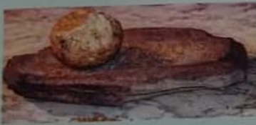
▲ Mortero de piedra.

La piedra se frotaba hasta darle forma y sacarle filo. Así se lograron armas más eficaces y nuevas herramientas. Debido a la importancia de la agricultura, se fabricaron morteros, para moler los granos; hoces, que se creaban al incrustar hojas de sílex en piezas de madera o en cuernos; azadas, formadas por un hacha de piedra con un mango resistente, y palas de hueso o cuernos de animales.
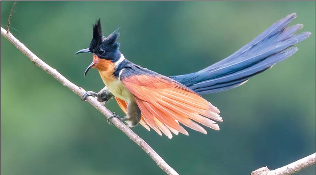
红翅凤头鹃 摄于董寨

===============

Copy exactly, and only, the lines from the line containing "La piedra se" through the final line of the material above, with no pictures.

Response.
La piedra se frotaba hasta darle forma y sacarle filo. Así se lograron armas más eficaces y nuevas herramientas. Debido a la importancia de la agricultura, se fabricaron morteros, para moler los granos; hoces, que se creaban al incrustar hojas de sílex en piezas de madera o en cuernos; azadas, formadas por un hacha de piedra con un mango resistente, y palas de hueso o cuernos de animales.
红翅凤头鹃 摄于董寨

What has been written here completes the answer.